Hudson Valley Open Houses
From the Journal News:
Mixed response at open houses
By JERRY GLEESON
While rising interest rates are slowing sales of homes in the Lower Hudson Valley, a sampling of open houses over the weekend shows how hard it is to generalize about buyer interest.
Three brokers met with decidedly mixed success when they opened the doors to potential homehunters Sunday afternoon in Yorktown, Greenburgh and Nanuet. The brokers agreed on one reality — they expect to work harder, and on more weekends, to move their clients' property this year.
All three houses had had their prices lowered in recent months. Real estate statistics portray a market in which buyers have more listings to pick from than a year ago and are taking more time to decide.
In Rockland, the inventory of single-family houses rose by 57.2 percent at the end of the second quarter, to 1,607, the Greater Hudson Valley Multiple Listing Service said yesterday. Sales were flat year over year.
Second-quarter numbers for Westchester and Putnam counties are expected later this month. First-quarter sales of single-family houses in Westchester dropped 14 percent year over year, while inventory rose nearly 34 percent. In Putnam, sales were down 9.6 percent and inventory was up nearly 24 percent.
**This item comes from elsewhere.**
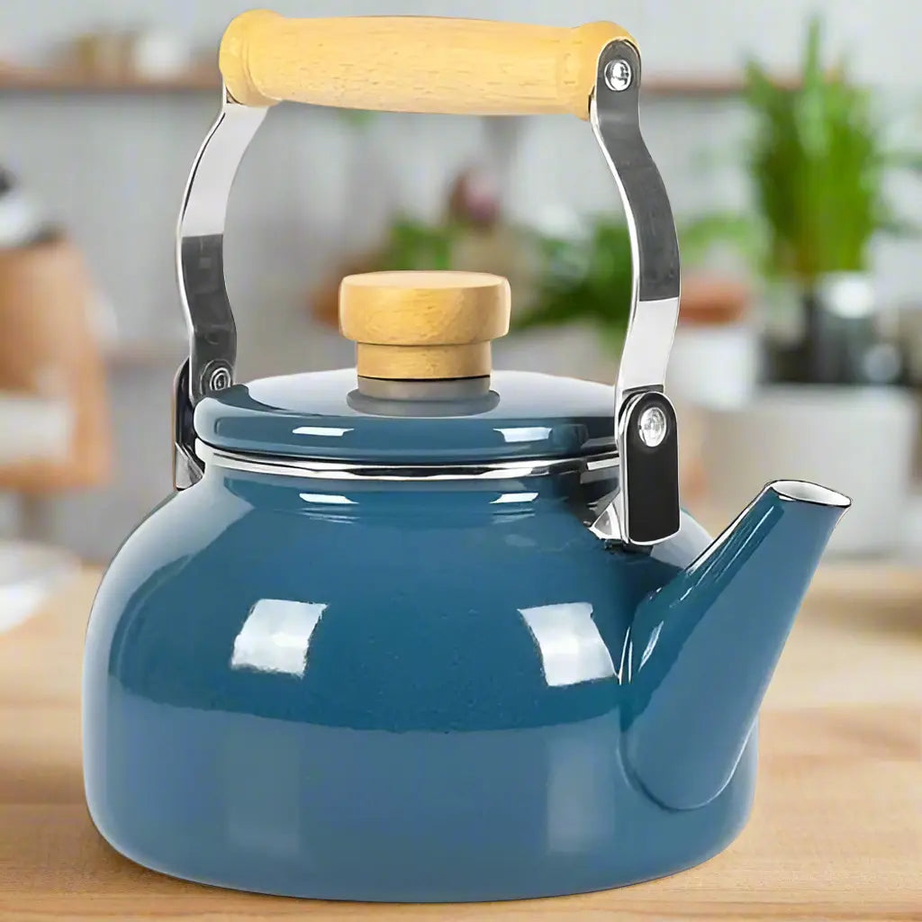 • 1.5 Qt. Steel Teapot Kettle w/ Blue White Glossy Enamel Coating and Wood Handle
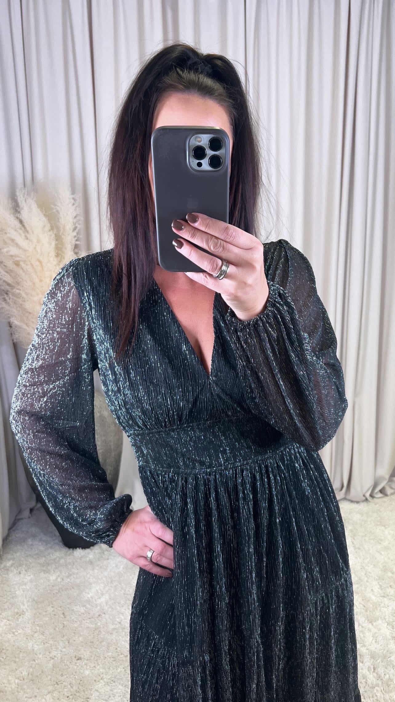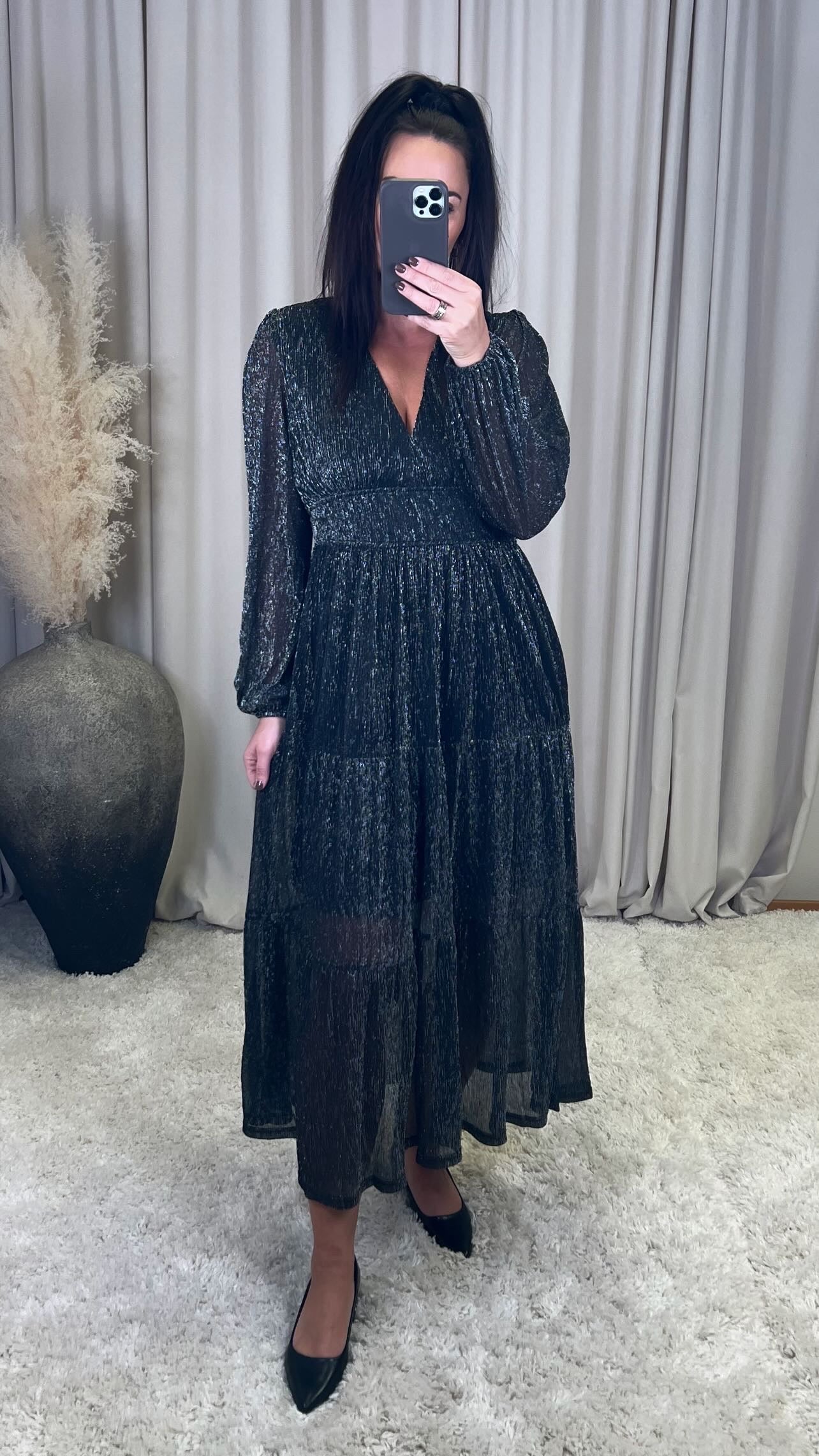 Fallegur skósíður kjóll með silfur þráðum í. Það er góð teygja í bakið sem gerir kjólinn mjög klæðilegan og þægilegan!

"It's been a very long time since it's been this quiet," said Andrea O'Brien, an associate broker at Prudential Rand Realty, outside a split-level she was selling on South Deerfield Avenue in Yorktown. Just one couple had stopped by in the first hour of the open house, although four others dropped in during the two hours that followed.
...
People are popping in and out of the four-bedroom house being offered for $499,000, and Jeffrey expects to stick around a half-hour longer than he planned this day. The house has been on the market for seven months; Jeffrey is the second broker to handle it, and one of the first things he did was encourage the seller to lower the price from $549,000.
...
Wesel Drive in Nanuet, broker James J. Dunphy has spent most of the afternoon watching the World Cup on the living room television at the four-bedroom house. It's only in the last half-hour that two prospects drop in, a couple and, shortly afterward, a pregnant woman looking by herself.
...
The house has been on the market since May 24, and the price has been lowered from $529,900 to $519,000.
"Are you negotiable?" the woman, Christina Roche, asked. "Yes," Dunphy responded.
1 Comments:
Excellent, the bored realtor was watching World Cup in the living room.
Does anyone have experience dealing with bank owned properties? How flexible are they on pricing? Would they ever sell at a loss to 'just get rid of the property' after a long time?